Loveday is respectfully treated as a co-worker and source of God’s grace;
CAFO cows are treated like expendable chattel, and their abundant milk like
a problem to be solved. Loveday can expect to produce her rich milk for at
least twelve years; her CAFO counterparts usually “wear out,” cease milk
production, and are slaughtered within two years.
During my stay at S&S Homestead, Gratia Plena
came to mind frequently as I reflected on these contrasts. Elizabeth and
Henning’s honoring of the land and animals as co-workers felt reminiscent of
the way the Holy Spirit worked with and through Mary. Although Mary
considered herself the “lowliest” of servants, she was the Spirit’s honored
co-worker; and through her all generations could taste God’s loving
kindness. Indeed, Mary was a beloved partner in an act that could radically
feed the world’s deepest hungers.
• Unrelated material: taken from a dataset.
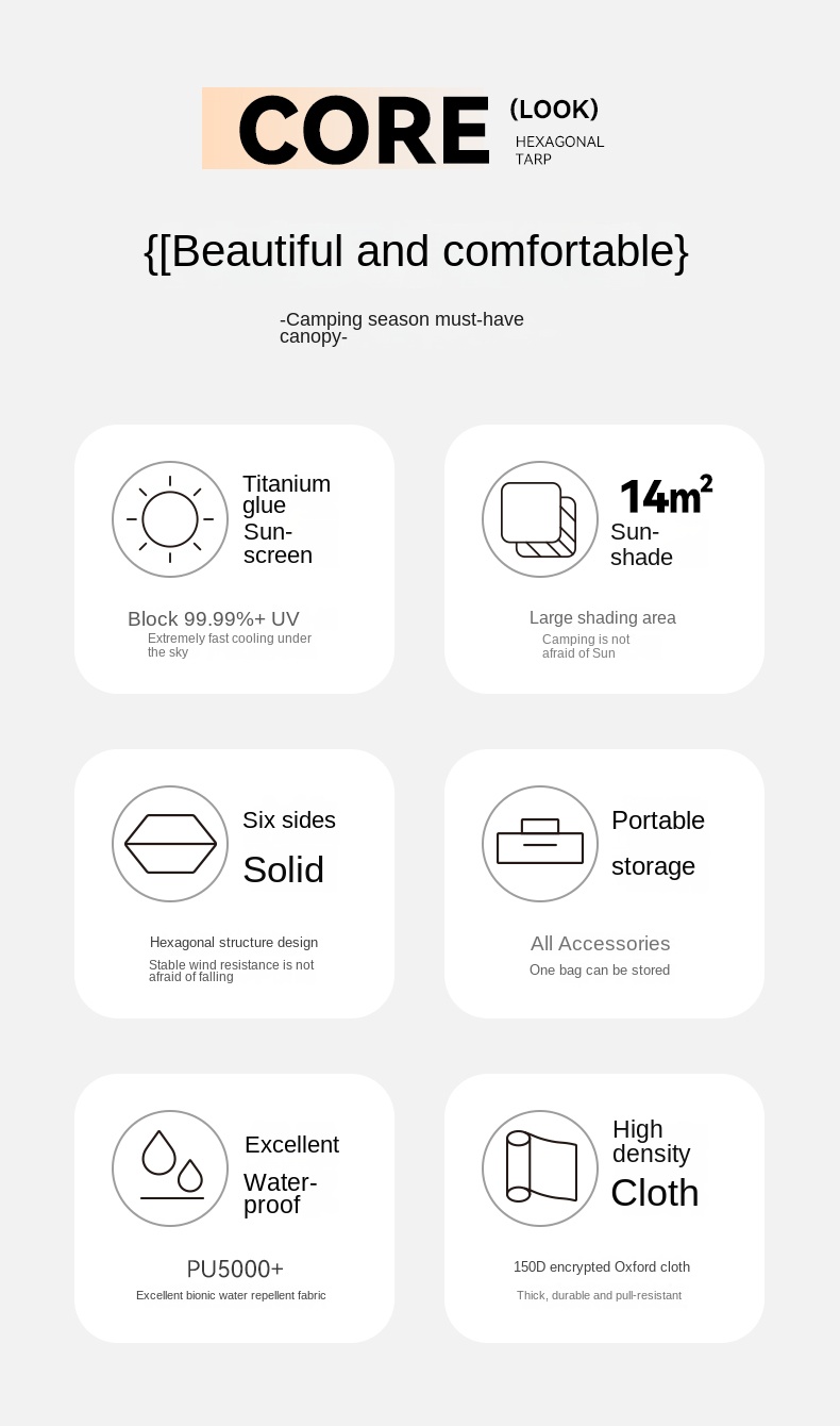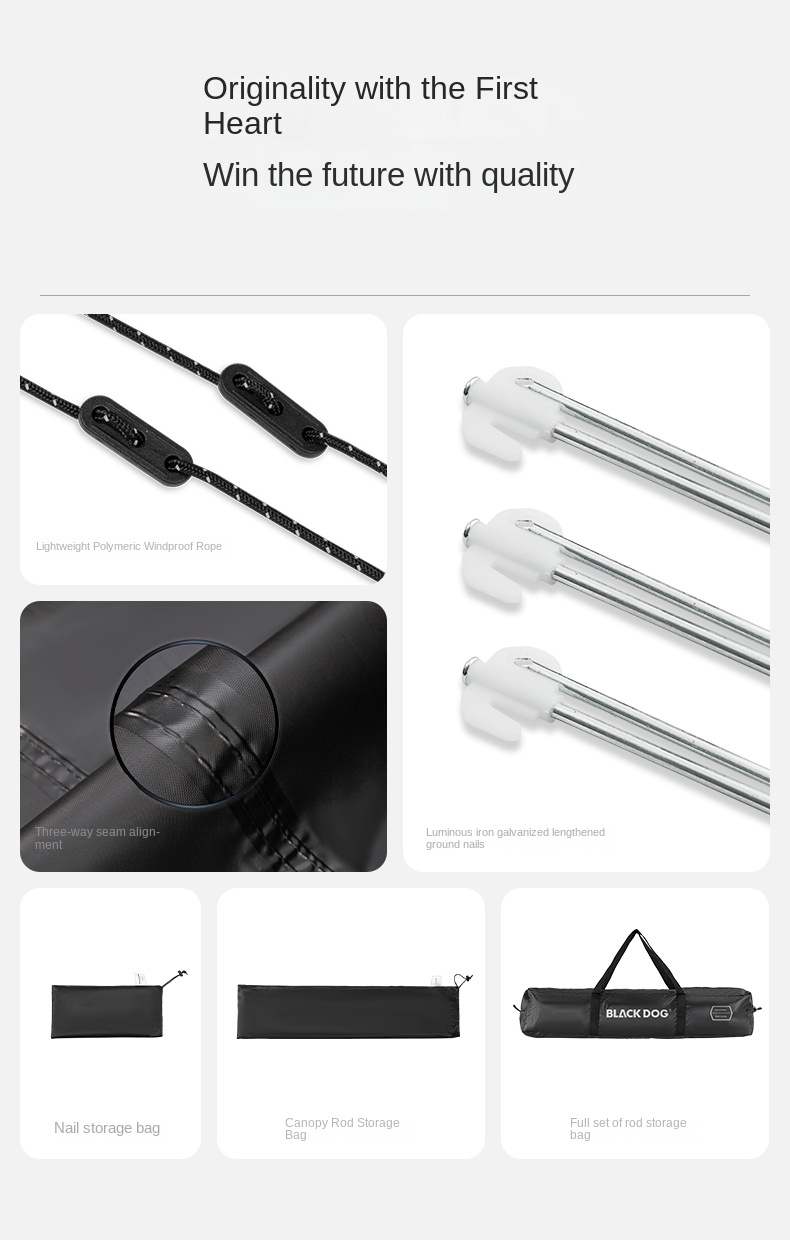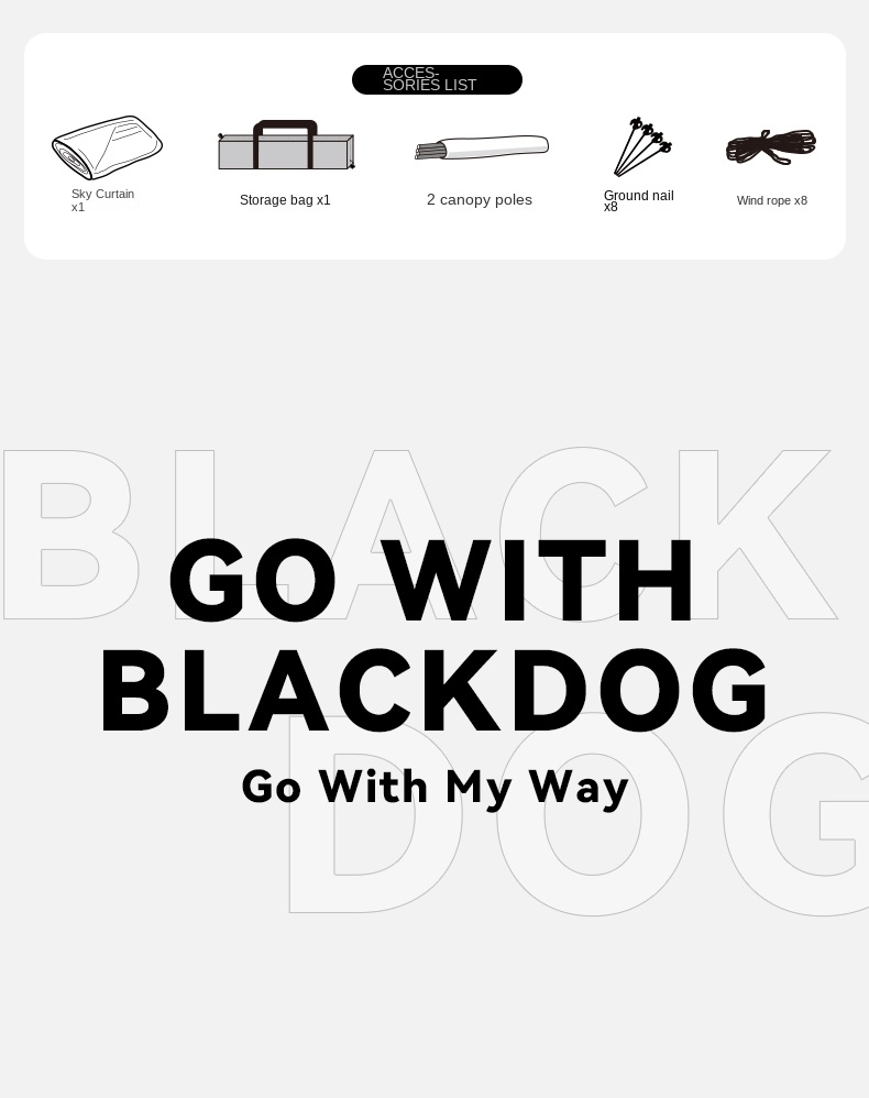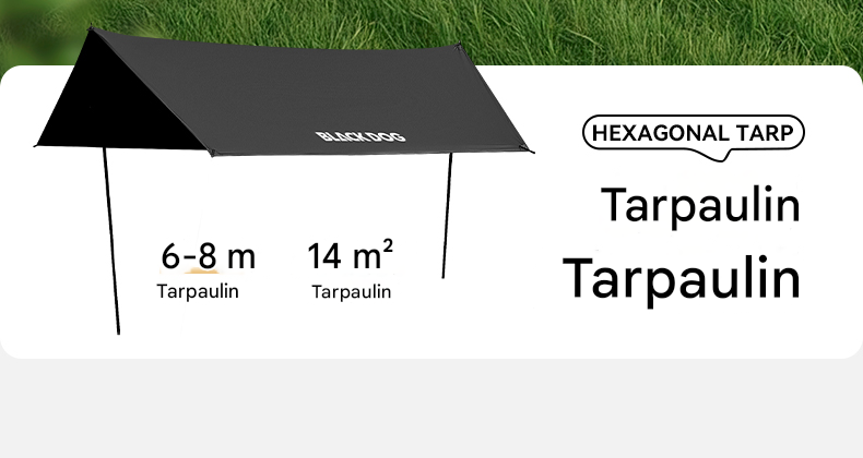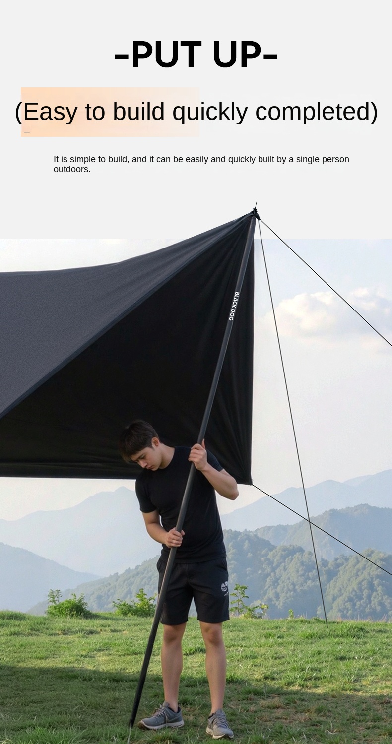 Blackdog TIMELESS Sky Curtain Black Canopy Tarp Awning Full Blackout Titanium Black Vinyl Coated Sunscreen Waterproof Outdoor Sunshade with 2 Poles

It feels blasphemous to even consider the
idea that the Holy Spirit might have treated Mary as a resource or machine.
For me, Gratia Plena and Loveday both provide hopeful antidotes to
viewing each other, animals, or any member of creation as mere resources.
Both invite a rediscovery the sources of God’s daily grace. Both evoke an
honor for all members of creation as co-workers of God. It’s a choice
between cheapened “gifts” and the fullness of grace. I hunger for the
latter.
1 Source: The Humane
Farming Association,
www.hfa.org
Tanya M. Barnett is a Program Associate with Earth
Ministry with a passion for food and farming issues.